▸ **YOUR INSTRUCTIONS**
Copy exactly the lines of the material below that fall between the line with "memory rebound feature." and the line with "Skrzynka, która doskonale", both of those lines included; pictures stay out.

▸ **RECORDS TO USE**
────

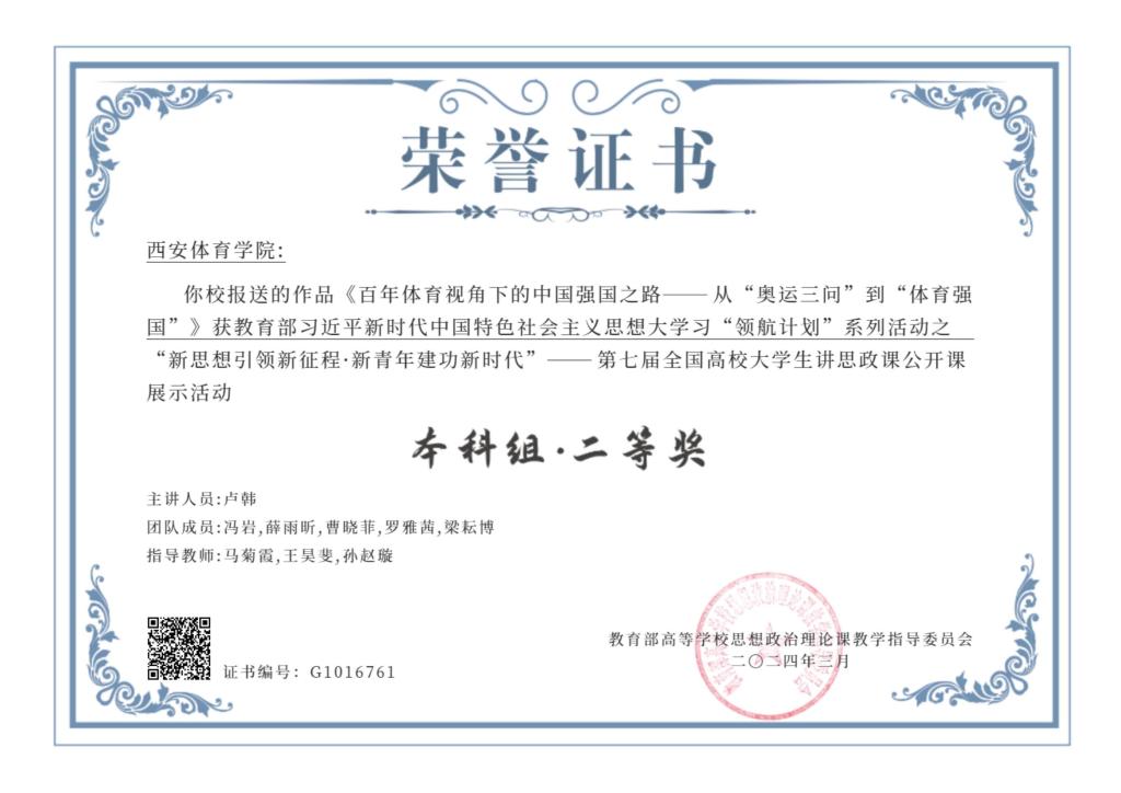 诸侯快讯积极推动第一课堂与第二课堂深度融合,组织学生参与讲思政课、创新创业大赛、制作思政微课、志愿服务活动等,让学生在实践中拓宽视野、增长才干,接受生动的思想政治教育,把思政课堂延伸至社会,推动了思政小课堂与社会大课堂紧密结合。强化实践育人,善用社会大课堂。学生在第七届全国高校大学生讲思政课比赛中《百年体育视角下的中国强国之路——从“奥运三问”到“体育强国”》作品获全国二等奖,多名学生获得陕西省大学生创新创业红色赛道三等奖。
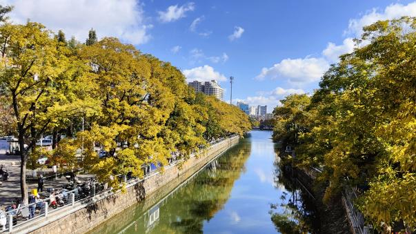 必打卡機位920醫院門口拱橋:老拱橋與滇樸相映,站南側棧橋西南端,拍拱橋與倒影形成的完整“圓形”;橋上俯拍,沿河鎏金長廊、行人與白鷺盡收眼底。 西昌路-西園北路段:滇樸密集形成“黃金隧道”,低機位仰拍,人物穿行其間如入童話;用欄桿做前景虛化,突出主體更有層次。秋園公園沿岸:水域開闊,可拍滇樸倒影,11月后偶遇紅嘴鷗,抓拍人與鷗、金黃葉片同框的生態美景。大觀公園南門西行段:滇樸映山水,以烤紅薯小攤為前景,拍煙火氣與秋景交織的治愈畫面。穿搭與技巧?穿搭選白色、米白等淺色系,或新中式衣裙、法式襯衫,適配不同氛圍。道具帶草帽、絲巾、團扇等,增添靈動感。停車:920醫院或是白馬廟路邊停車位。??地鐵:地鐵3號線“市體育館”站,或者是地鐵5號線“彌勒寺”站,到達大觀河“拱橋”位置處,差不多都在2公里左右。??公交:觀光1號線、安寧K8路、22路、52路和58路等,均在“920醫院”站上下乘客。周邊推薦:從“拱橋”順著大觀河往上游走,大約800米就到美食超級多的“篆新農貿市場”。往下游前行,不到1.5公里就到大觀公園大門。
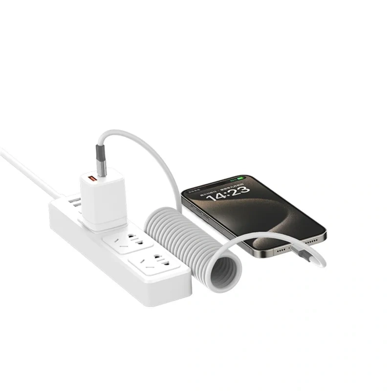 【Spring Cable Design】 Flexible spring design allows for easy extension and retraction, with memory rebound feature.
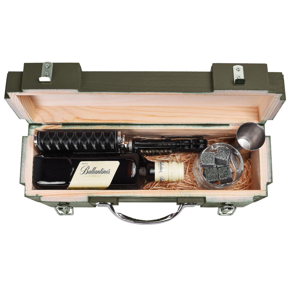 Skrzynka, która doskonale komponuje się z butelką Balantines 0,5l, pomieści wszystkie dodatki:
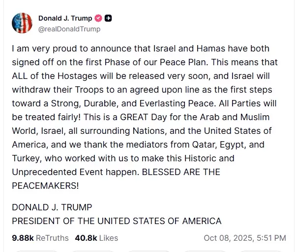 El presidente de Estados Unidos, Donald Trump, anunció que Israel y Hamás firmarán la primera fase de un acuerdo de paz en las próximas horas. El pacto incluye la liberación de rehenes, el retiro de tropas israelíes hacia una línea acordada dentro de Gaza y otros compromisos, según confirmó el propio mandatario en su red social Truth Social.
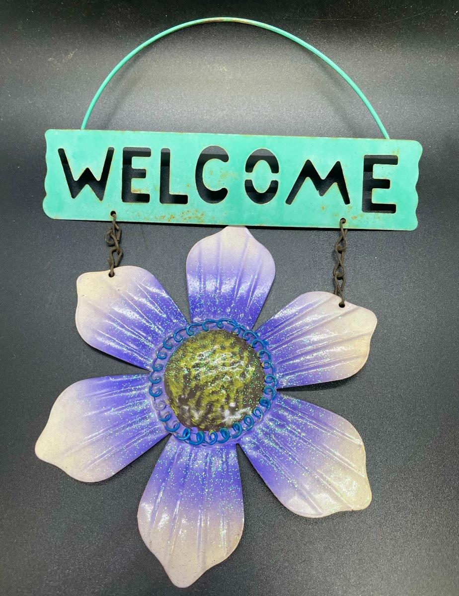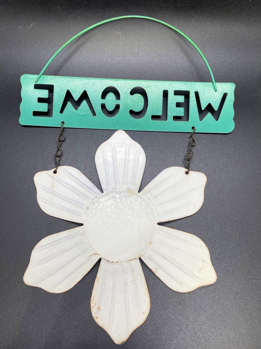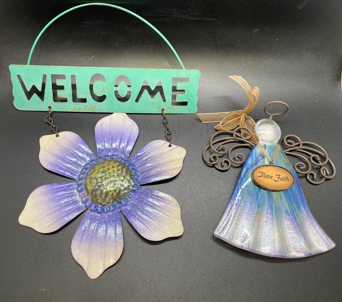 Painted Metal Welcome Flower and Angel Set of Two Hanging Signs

────

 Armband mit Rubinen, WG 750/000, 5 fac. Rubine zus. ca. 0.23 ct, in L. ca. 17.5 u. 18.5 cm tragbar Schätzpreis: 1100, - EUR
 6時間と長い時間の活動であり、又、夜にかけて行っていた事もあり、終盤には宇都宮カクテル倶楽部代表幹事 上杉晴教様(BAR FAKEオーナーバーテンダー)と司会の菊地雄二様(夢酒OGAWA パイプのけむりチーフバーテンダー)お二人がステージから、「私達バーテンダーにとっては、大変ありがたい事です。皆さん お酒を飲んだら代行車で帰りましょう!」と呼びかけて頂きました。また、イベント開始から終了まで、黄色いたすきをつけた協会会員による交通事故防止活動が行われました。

────

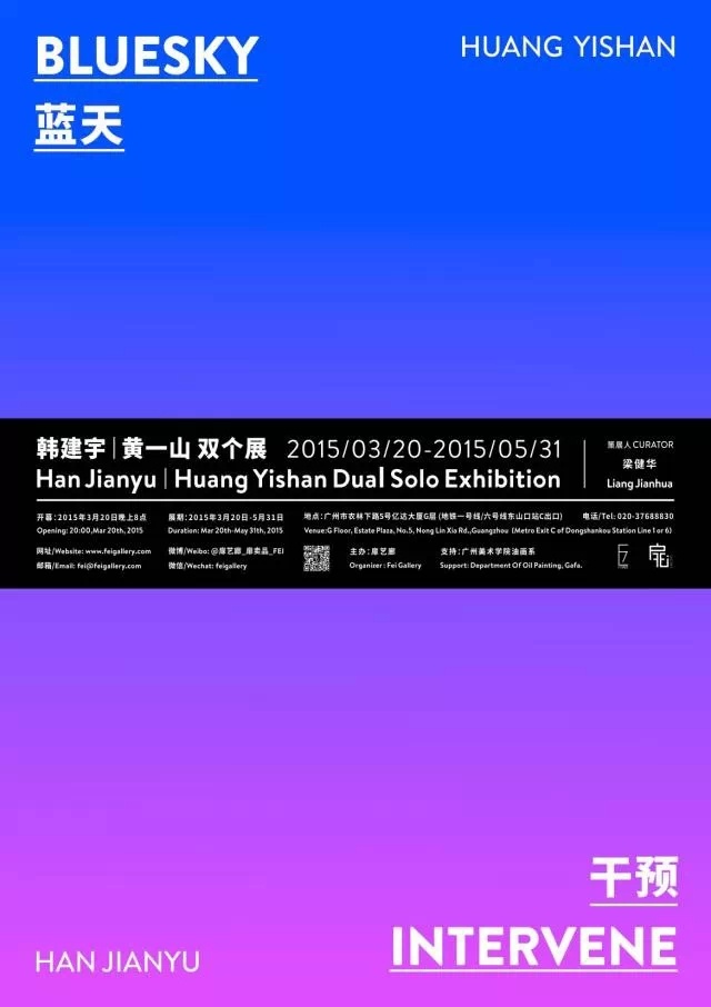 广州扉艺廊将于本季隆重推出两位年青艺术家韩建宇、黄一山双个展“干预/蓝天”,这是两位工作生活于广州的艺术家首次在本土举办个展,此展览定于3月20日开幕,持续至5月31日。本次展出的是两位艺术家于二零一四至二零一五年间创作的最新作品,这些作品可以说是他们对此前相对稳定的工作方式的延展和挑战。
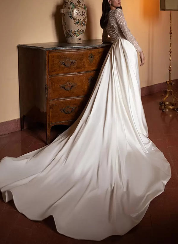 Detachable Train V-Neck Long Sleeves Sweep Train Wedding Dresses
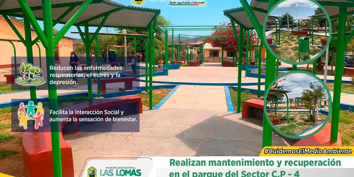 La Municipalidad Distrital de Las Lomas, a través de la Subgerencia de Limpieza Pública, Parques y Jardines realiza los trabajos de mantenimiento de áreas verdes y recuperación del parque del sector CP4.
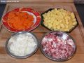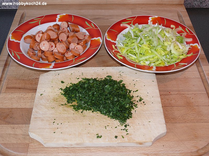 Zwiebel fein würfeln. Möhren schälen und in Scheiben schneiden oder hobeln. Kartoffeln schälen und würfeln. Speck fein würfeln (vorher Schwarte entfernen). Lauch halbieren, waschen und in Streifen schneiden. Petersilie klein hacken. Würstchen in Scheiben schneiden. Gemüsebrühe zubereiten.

────

▸ **ANSWER SECTION**
 【Spring Cable Design】 Flexible spring design allows for easy extension and retraction, with memory rebound feature.
 Skrzynka, która doskonale komponuje się z butelką Balantines 0,5l, pomieści wszystkie dodatki:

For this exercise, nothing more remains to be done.